Но это не единственный случай, когда в жизни все окажется не так просто.
Прошло лет двадцать.
Я возглавляю золотодобывающую старательскую артель. В отпуск мы с Риммой едем на машине от Пятигорска до Тбилиси.
Я уже знал, что Заал Георгиевич Мачабели живет и работает в Тбилиси. Он заместитель директора Академии художеств Грузинской ССР. Ничего себе, после таких «художеств» на Колыме. Я обязательно хотел его повидать. Проезжая по центру Тбилиси, уговариваю Римму заехать в Академию художеств. «Зачем?» – удивляется она: прежде за мной не замечалось повышенного интереса к грузинской живописи.
В приемной Мачабели полно людей. Идет совещание, и секретарь не может сказать, когда Заал Георгиевич освободится. Я прошу разрешения на секунду приоткрыть дверь в кабинет… Возможно, мне бы сделать это не позволили, но в приемной видели в открытые окна, что я подъехал на «Волге», считавшейся машиной большого начальства или очень известных людей, и не препятствовали.

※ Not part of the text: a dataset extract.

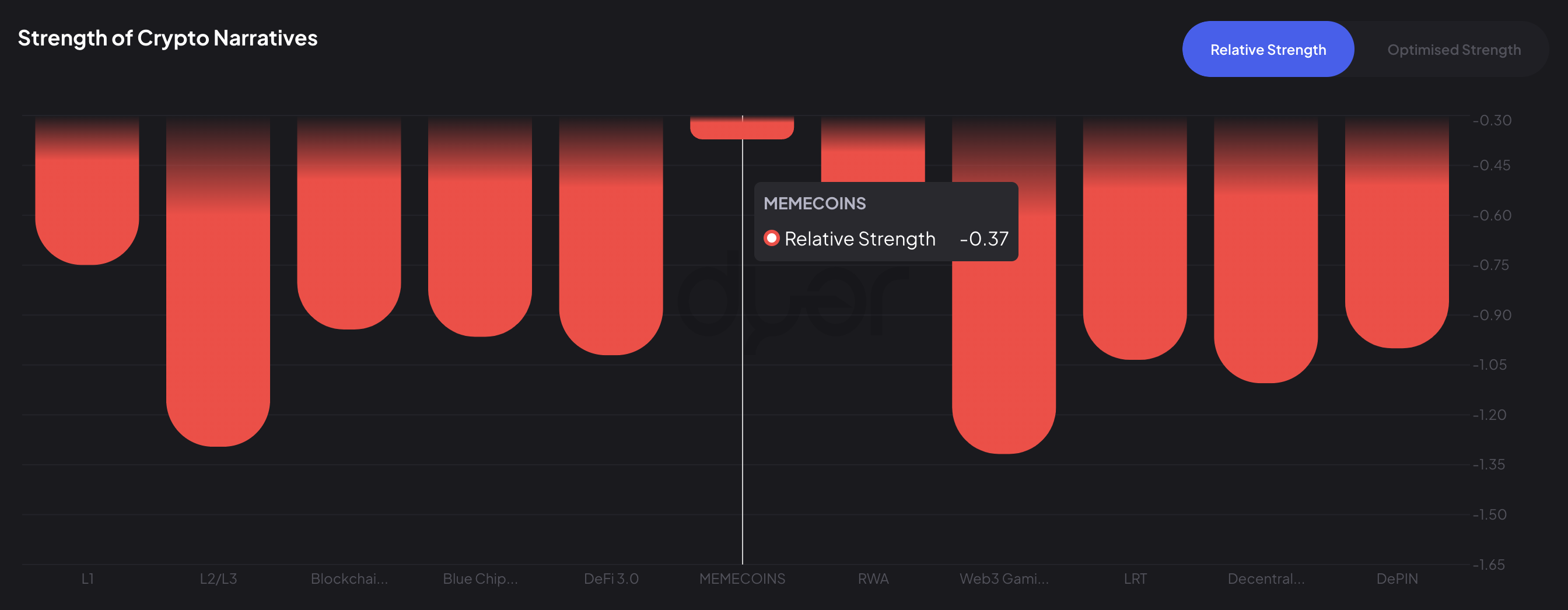 Furthermore, data from the crypto analysis platform DYOR highlights the outperformance of meme coins over the last 90 days during market volatility. With a relative strength of -0.37, meme coins have shown remarkable resilience compared to sectors like Web3 gaming and Layer-2/Layer-3 technologies, which recorded much lower strengths of -1.32 and -1.30, respectively.

За большим столом вижу Мачабели. Растерявшись, не успеваю вовремя потянуть медную ручку двери назад, Мачабели вскидывает глаза, наши взгляды встречаются. Я вижу те самые глаза, насмешливые и жестокие, как при первом допросе. «Штурман, да? Кассы штурмуешь?»
– Вадим?! – Мачабели поднимается из-за стола и идет ко мне, раскинув руки для объятий.
Мне отступать некуда.
Он обнимает меня, онемевшего, что-то весело говорит по-грузински сидящим за столом, добавляя по-русски, что встретил старого друга, с которым в трудные времена давал стране колымское золото. Люди за столом поднялись, приветствуя дорогих гостей. Не знаю, какое у меня было выражение лица, но я чувствовал, что не могу вымолвить ни слова. Кабинет быстро опустел, мы остались втроем. Хозяин кабинета был так радушен и искренен, что Римма тронута встречей «старых друзей».
Как мы с Риммой ни упираемся, Заал Георгиевич горит желанием подарить нам несколько статуэток и везет нас к фуникулеру. Мы поднимаемся на вершину горы. Ресторан еще закрыт, но Мачабели здесь всех знает, его все знают, радостно приветствуют, и не успели мы оглядеться, как под тентом уже накрыт стол и официанты засуетились вокруг нас.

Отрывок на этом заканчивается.